Test environment setup (do these every time)
- Isolate test traffic: run tests on an isolated VLAN or dedicated NICs to avoid interference.
- Match MTU/jumbo frames: set identical MTU on sender, receiver, host, and switch if testing large transfers.
- Disable nonessential services/antivirus on test VMs that can alter throughput.
- Ensure NIC offloads consistent: check and document offload settings (TCP Chimney, RSS, Large Send Offload).
- Use same VM size and placement: for repeatability keep VM flavors and host placement constant.
- Allow firewall rules: permit test tool traffic on both endpoints.
Measurement procedure (recommended standard test)
- Choose two endpoints: sender VM and receiver VM. Prefer VMs on the same host for host-local tests and on different hosts for network path tests.
- Run a short verification: 10–30s single-stream test to confirm connectivity.
- Run main test: 300 seconds (5 minutes) with multiple streams to saturate NICs (ntttcp and iperf3 support parallel streams). Longer duration smooths transient variance.
- Example (ntttcp): run receiver then sender with -t 300 and appropriate -m (threads).
- Example (iperf3): iperf3 -s on receiver; iperf3 -c-P 8 -t 300 on sender.
- Repeat tests at different times and under different loads (idle vs. typical workload). Run at least 3 runs and take median.
Metrics to record
- Throughput (Mbps) — sustained bits/sec from test tool.
- Packet loss and retransmits — from test tool and TCP counters.
- Latency/jitter — round-trip time where relevant.
- Host NIC counters: bytes/sec, drops, errors, TX/RX queue length.
- Guest OS counters: Network Interface bytes/sec, TCP segment retrans/sec, CPU % during test.
- Switch port stats: utilization, errors, discards.
Record timestamp, VM placement, test parameters (streams, duration, MTU, offloads).
Interpreting results & common causes of limited throughput
- CPU bottleneck: high CPU on sender/receiver reduces achievable throughput. Check CPU util during test.
- NIC offload mismatches: improper offload settings in guest vs. host can reduce performance.
- Host NIC saturation: many VMs sharing a single physical NIC will contend; use NIC teaming or additional physical NICs.
- Virtual switch or driver limits: outdated VM tools/drivers or virtual NIC type (use synthetic high-performance adapters where available).
- Switch/config limits: flow-control, QoS, or spanning-tree behavior can throttle traffic.
- MTU mismatch: prevents jumbo frame benefits or causes fragmentation.
- Network policies or egress throttles: cloud or hypervisor-enforced egress limits (documented per VM size).
Best-practice tuning checklist
- Use the highest-performance virtual NIC supported (e.g., VMXNET3 on VMware or Hyper-V synthetic NIC).
- Keep virtual NIC drivers and VM integration tools up to date.
- Enable RSS (Receive Side Scaling) and ensure vCPU count matches RSS queues for scaling.
- Consider NIC teaming or SR-IOV where supported to increase throughput and reduce host CPU overhead.
- Use dedicated physical NICs or VLANs for heavy VM traffic.
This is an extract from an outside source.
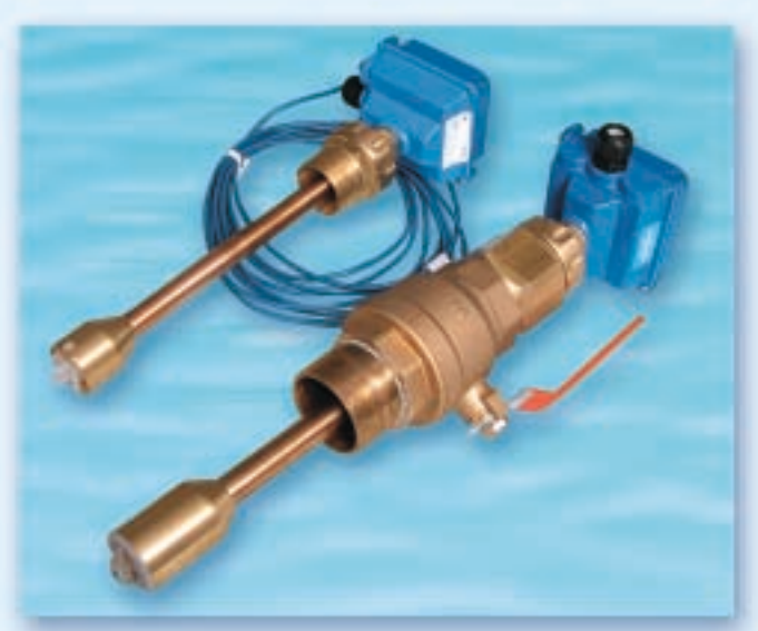
Paddle Wheel & Mag Insertion Meters
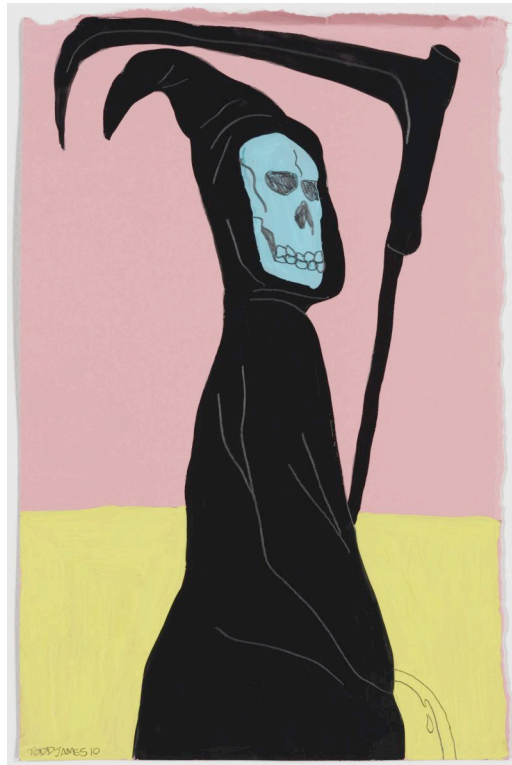
TODD JAMES, The Green Reefer , 2010, Gouache & graphite on paper, 15 1/2 x 10 inches, Image courtesy of Gering & López Gallery, New York.

- Tune TCP window sizes for high-bandwidth, high-latency links if testing across WAN.
- Monitor host and switch counters continuously during tests to find mismatches.
Troubleshooting steps (quick)
- Confirm single-run reproducibility with iperf3/ntttcp.
- Check CPU and disk I/O; eliminate non-network bottlenecks.
- Compare guest and host NIC counters — if host shows higher bytes than guest, inspect virtual switch.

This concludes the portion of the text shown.